I am done with this

Zach

Member
I have been fighting this fight for the past 8-9 years for the most part on my own with help from my wife when I am not lying to her about it. I was doing ok with not looking or watching anything, but then I put in for an apprenticeship at my work and was really stressed out about the potential of not getting it. I relapsed and fell back into porn. I ended up getting the job but at a high cost.

About a week and a half ago my wife asked how I have been doing with my addiction. She has a real keen sense on when I have relapsed. Sure I enough I lied through my teeth. Tell her I have been doing good and not watching anything when I really want to say I have screwed up and looked at it. After I think ok step it up and stop looking, like that actually happened. I kept looking on and off. Would go a couple days and be good then would end up looking. Well last night she asked again and this time I told her the truth.

I feel so ashamed and disgusting with myself. I want to kick this addiction and be the man she deserves.

Anyways thanks for reading my first entry.

This is day 1 of being clean with hopefully many more to come.
 

Onmyway19

Active Member
Brave of you to share with us. You're taking a great 1st step in coming here. There's an abundance of resources to help here. Take the time to read others journals and don't be afraid to ask for guidance. You're not alone in this.
 

Zach

Member
So start of day 2 and not off to a good start. Getting off of night shift and one of my coworkers goes here loon at this. It was a website that you can order woman to come over to your house from. He shows me some woman that he essentially ordered offline to come to his house this afternoon. Now I am trying to get it out of my head. Luckily I have errands to do today that will keep my busy and my daughter is going to accompany me on them so I can't stop and look at that site.

Wish me luck
 

Onmyway19

Active Member
It's all about learning how to cope with those outside influences. This substance is different than any other addictive substance, in that it's nearly impossible to be 100% abstinent. There are influences from everywhere. You will see triggering content, the important thing is how you handle it, or don't handle it😉. You know what the right decisions are, you just have to make the conscious effort to make that choice.
 

Zach

Member
Yesterday was a pretty good day for the most part. Tried to go camping back on some crown land only to find the sites we know about take but the drive was pretty. In the end we came home and had a fire with the brother in law and his fiancé. Made it through day 3 ok now on with day 4.
 

Zach

Member
Been busy with work yesterday and by the time I got home I just showered and crashed for the night. Been easier the past two days but not looking forward to the next two. I am going to be home alone and that is when I find the struggle to be good happens. At least tomorrow I will be busy cutting wood for half the day.
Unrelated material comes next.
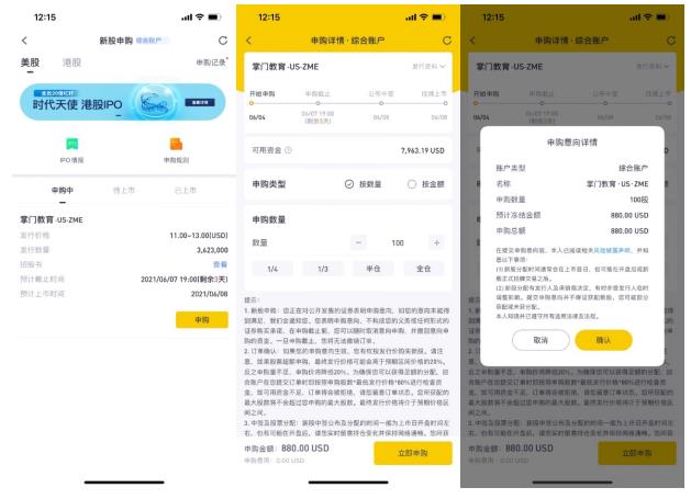 根据招股书显示,掌门教育拟以每股11至13美元的价格发行362.3万ADS(绿鞋前)。据老虎证券相关负责人介绍,目前掌门教育的打新通道已上线。投资者进入APP Tiger Trade的“新股申购”页面即可点击查看招股书并进行申购,最低申购数量为100股。按照当前的发行价区间计算,最低打新门槛为880美元。目前预计掌门教育将于6月8日上市,其申购通道将在6月7日晚19时关闭。

Hope everyone has a good day
 

GeminiMan

Well-Known Member
Home alone days can be terrible days especially if you don’t have projects or hobbies lined up . Try filling up your schedule with interesting projects especially for those lonely days and you should be okay .

Good Luck 👍
 
You got this Zach! Don't be afraid to try and add an accountability partner to the mix if you can. That would help with the alone days for sure if you could call them up when you are struggling.
 

Zach

Member
Days home went pretty good was able to keep busy between cutting firewood and other little projects. Tried to keep off the internet as much as possible so that's why I haven't posted anything since Tuesday.